Digital assets cover a broad range of items that exist in digital forms, such as blockchain-based finance, emails, photos held in the cloud, and social media accounts.
It can also include assets that facilitate access, including any computer hardware, tablets, and smartphones.
Dealing with some of these assets in a will can be straightforward. If the digital asset belongs to you and is transferable, it can be gifted in your will, like funds in a bank account or physical items like a laptop.
However, not all digital assets we regularly access – and consider to be ours – are owned by us. For example, many of our digital accounts belong to businesses whose services we use, like Facebook or Instagram. This is stipulated in the terms of service we agree to when we sign up that many of us don’t bother reading.

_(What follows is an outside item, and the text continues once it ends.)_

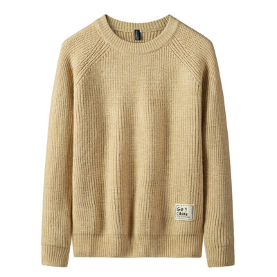 Áo len nam xuân thu phong cách mới cổ tròn màu trơn áo len dệt kim dáng rộng áo sơ mi nam đáy 0551533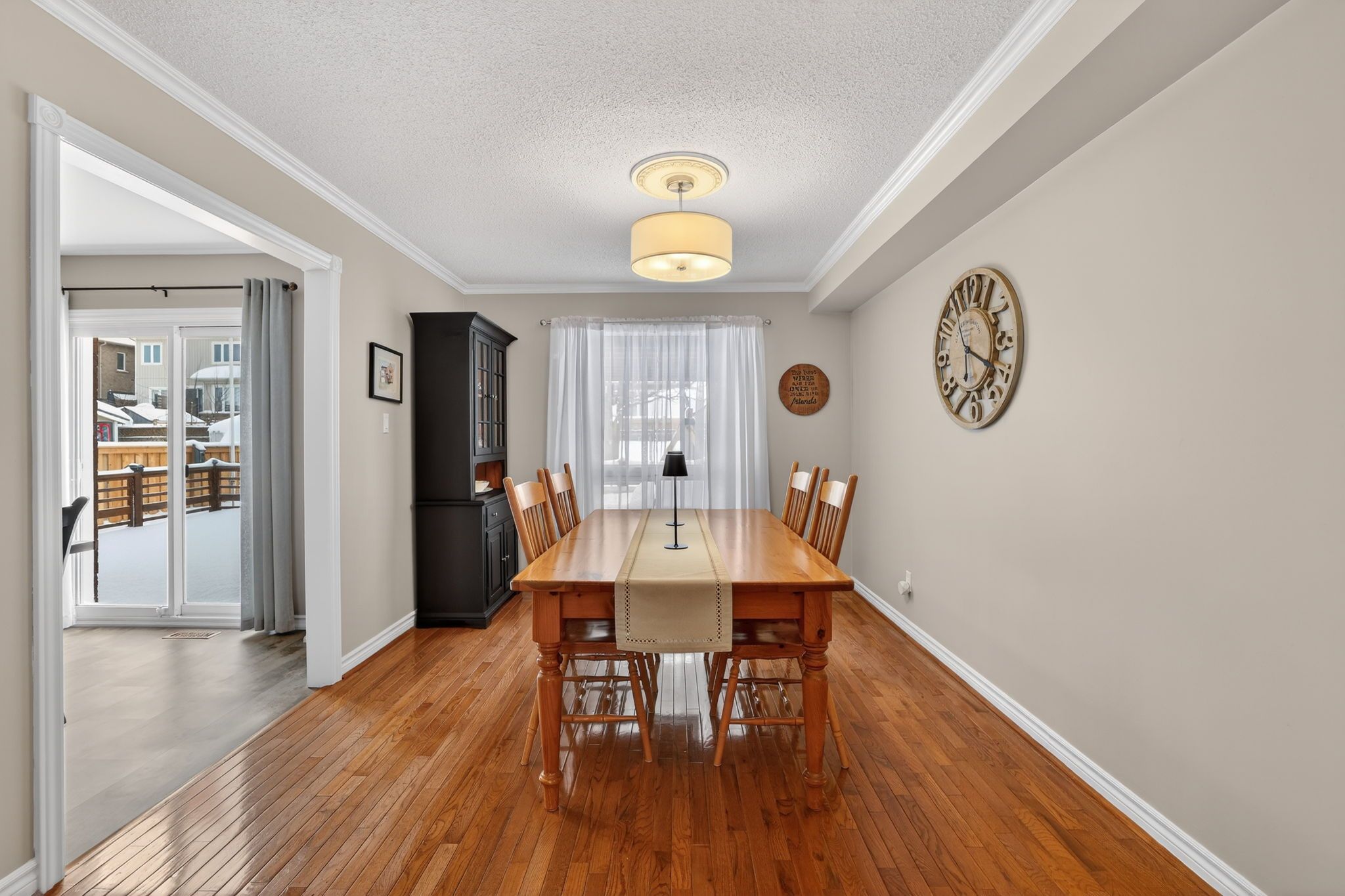 Welcome to 165 courtney crescent, a beautifully appointed detached residence nestled in one of orangeville's most sought after communities. Ideally located near fantastic schools, local trails, shopping, and numerous amenities, this home offers the perfect balance of comfort and convenience. Lovingly maintained by its original owners, the property reflects exceptional pride of ownership and showcases numerous quality updates throughout. The heart of the home is the recently renovated eat-in kitchen (2023), thoughtfully designed with quartz countertops, a stylish backsplash, stainless steel appliances, pot lighting, and a walkout to the backyard deck - ideal for both everyday living and entertaining. The adjoining living and dining rooms feature gleaming hardwood floors and elegant crown moulding, creating a warm and timeless atmosphere. A functional mudroom with direct garage access and a convenient two-piece powder room complete the main level. Upstairs, you'll find three generously sized bedrooms, providing comfortable accommodations for the whole family. The primary suite offering a walk-in closet and a private four-piece ensuite. The fully finished basement extends the living space and boasts a large recreation area with cozy broadloom and an open concept layout. It also has an additional fourth bedroom providing flexibility for guests, extended family, or a dedicated home office. Additional updates include a newer roof (2021) and garage door (2019), providing added peace of mind for years to come. Outdoors, the expansive backyard offers exceptional privacy and features a covered deck - perfect for hosting gatherings or enjoying quiet evenings with friends and family. This is a wonderful opportunity to own a truly move in ready home in a thriving neighbourhood. Schedule your private viewing today!

“The majority of the digital services we use are subject to a terms of use contract, and that rarely provides users with ownership, at least how we usually think about personal property,” Prof. Vines says.
“Instead, most of those contracts state the user doesn’t own the account as property but has a non-transferable license to use it, which expires at death.”
As such, many of our digital assets aren’t regarded as our property to pass on, even if we created them. For example, unlike a physical letter, an email usually does not belong to the user and can’t be transferred after death.
Passwords and barriers to access
Almost every single digital service provider also has clauses forbidding password sharing in their terms of service. This can also apply to assets that are not digital themselves but where digital access is required, such as an online bank account.
“The prohibition on password sharing can prevent the executor from accessing digital accounts, even where a will stipulates digital records are part of the estate,“ Prof. Vines says. “In other words, while it may be essential for your executor (person who carries out your will) to get access to your email, officially, there is no right for them to do that.”
There have been several cases overseas where companies have refused to give access to the digital records of a deceased user because of this provision.
“To get around the problem at the moment, it often amounts to users breaking the contract terms with the provider,” Prof. Vines says. “In reality, we know people do this all the time by casually sharing passwords with others.
“The other workaround seems to be using a password manager to hold all passwords in one place, which the executor can be kept up to date with.”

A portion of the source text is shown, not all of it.